Though I sensed it was a phrase he’d used before, I bowed my bleeding head.

‘I own,’ I told him mildly, ‘that I am one of those futile, persistent, middle-class Englishmen whom it takes a whole empire, albeit a declining one, to sustain … Remove the imperial shreds, and I’d be destitute as a coolie, I confess …’

This pleased him. ‘To use the vulgar phrase,’ he said, ‘you must learn to know which side your bread is buttered on.’

But this excursion from the concrete into the abstract seemed to me unhelpful in so far as learning my new job was concerned. I made my last desperate appeal. ‘You haven’t told me, though …’

‘Please study your dossiers Pew: the instructions are pasted inside each of their covers. Look:

Government Hostels;

Landlords taking non-Europeans;

Facilities for Recreation and Study;

Bad Company and Places to Avoid;

Relations with Commonwealth Co-citizens of the Mother Country.

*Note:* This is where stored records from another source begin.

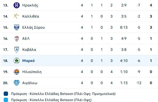 Μαρκό (Σούλης Παπαδόπουλος): Σαφαρίκας, Μπιάνκο (73’ Τσακνής), Γκτζίνι, Μιγιένγκα, Ινός, Σαζό, Μπουσάι (46’ Κυριακίδης), Μεντόζα (46’ Μίλερ), Ντέτλερ, Φατιόν (46’ Ριτσοτάκης), Σεμπά (62’ Αλεξόπουλος).
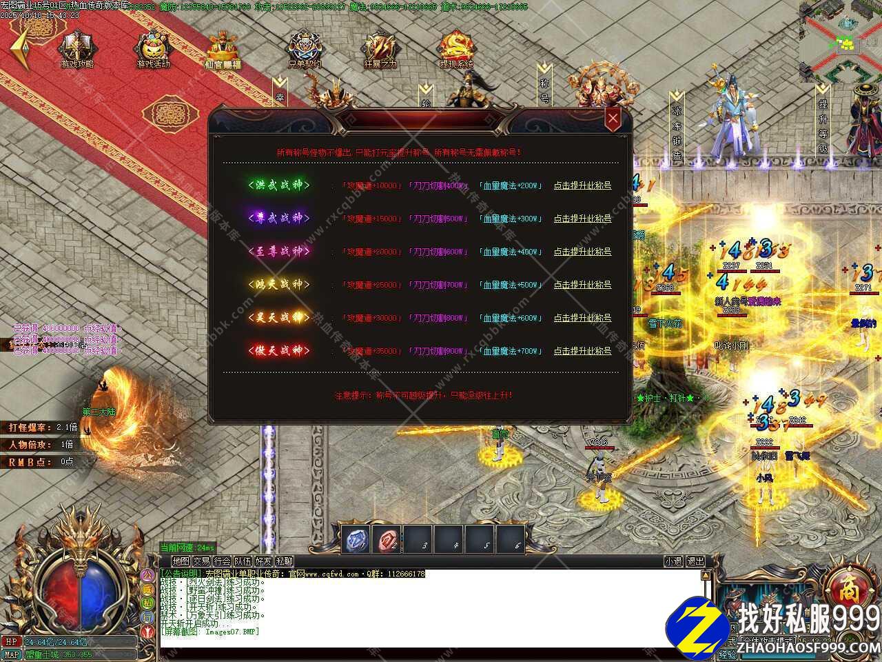四、此传奇版本元宝可在土城左边升级切割,钻石可提升称号以及打怪冰冻神器,随处泡点到500级后,每个怪物必爆等级丹,可在土城正上方提升等级,可进等级地图。
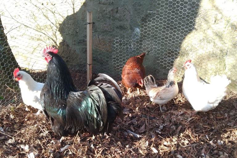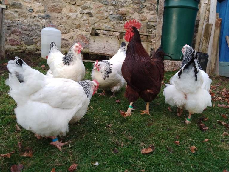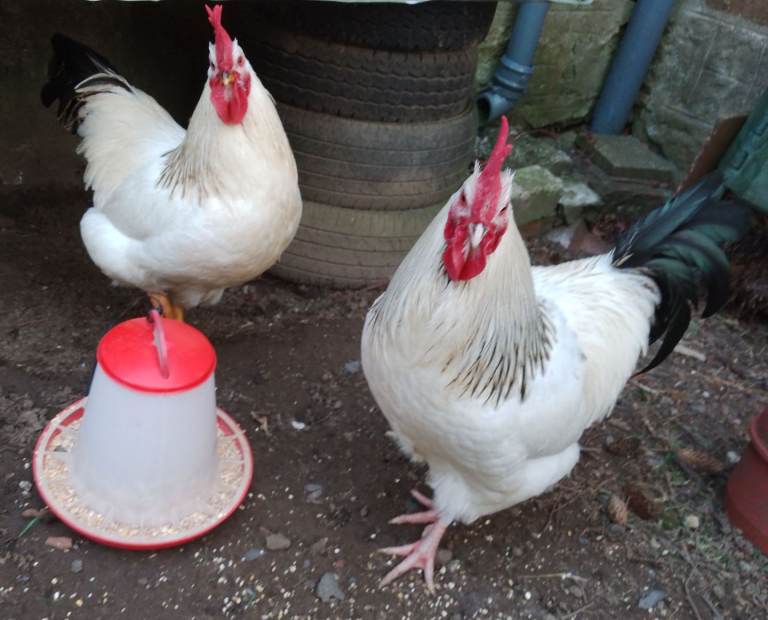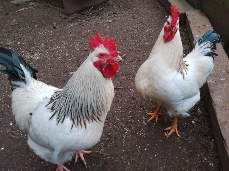 * 2 Goldline 30 week old cockerels who resemble their Light Sussex Mum's and gentle natures, £10 each. Photos 8+19

And so on and so forth, dear man. And may I advise you’ (he looked at his watch) ‘to hurry up and read them? Because your clients will be turning up for interviews within the hour. Meanwhile I shall say goodbye to you and wish you the good fortune that I fear you’ll so much need.’

‘Might I enquire,’ I said, reluctant even now to see him go, ‘to what fresh colonial pastures you yourself are now proceeding?’

A look of mild triumph overspread his face.

‘Before the month is out,’ he answered, ‘I shall be at my new post in one of our Protectorates within the Union of South Africa.’

‘South Africa? Good heavens! Won’t you find, as a British colonial official, that the atmosphere there’s just a little difficult?’

In statesmanlike tones he answered: ‘South Africa, Pew, is a country much maligned. Perhaps they have found a logical solution for race relations there. That is the conclusion to which I’ve rather reluctantly come. Because if my year in the Department has taught me anything, it’s that the Negro’s still, deep down inside, a savage. Not his fault, no doubt, but just his nature.’ (He stood there erect, eyes imperiously agleam.) ‘Remember that, Pew, at your Welfare Officer’s desk. Under his gaberdine suit and his mission-school veneer, there still lurk the impulses of the primitive man.’

He waved – as if an assegai – his umbrella, I waved more wanly, and lo! he was gone out of my life for ever.

Alone, I picked up the dossiers, crossed out his name, and wrote in its place my own: Montgomery Pew. Then, like a lion (or monkey, possibly?) new to its cage, I walked round my unsumptuous office examining the numerous framed photographs of worthy Africans and West Indians, staring out at me with enigmatic faces, whose white grins belied, it seemed to me, the inner silences of the dark pools of their eyes.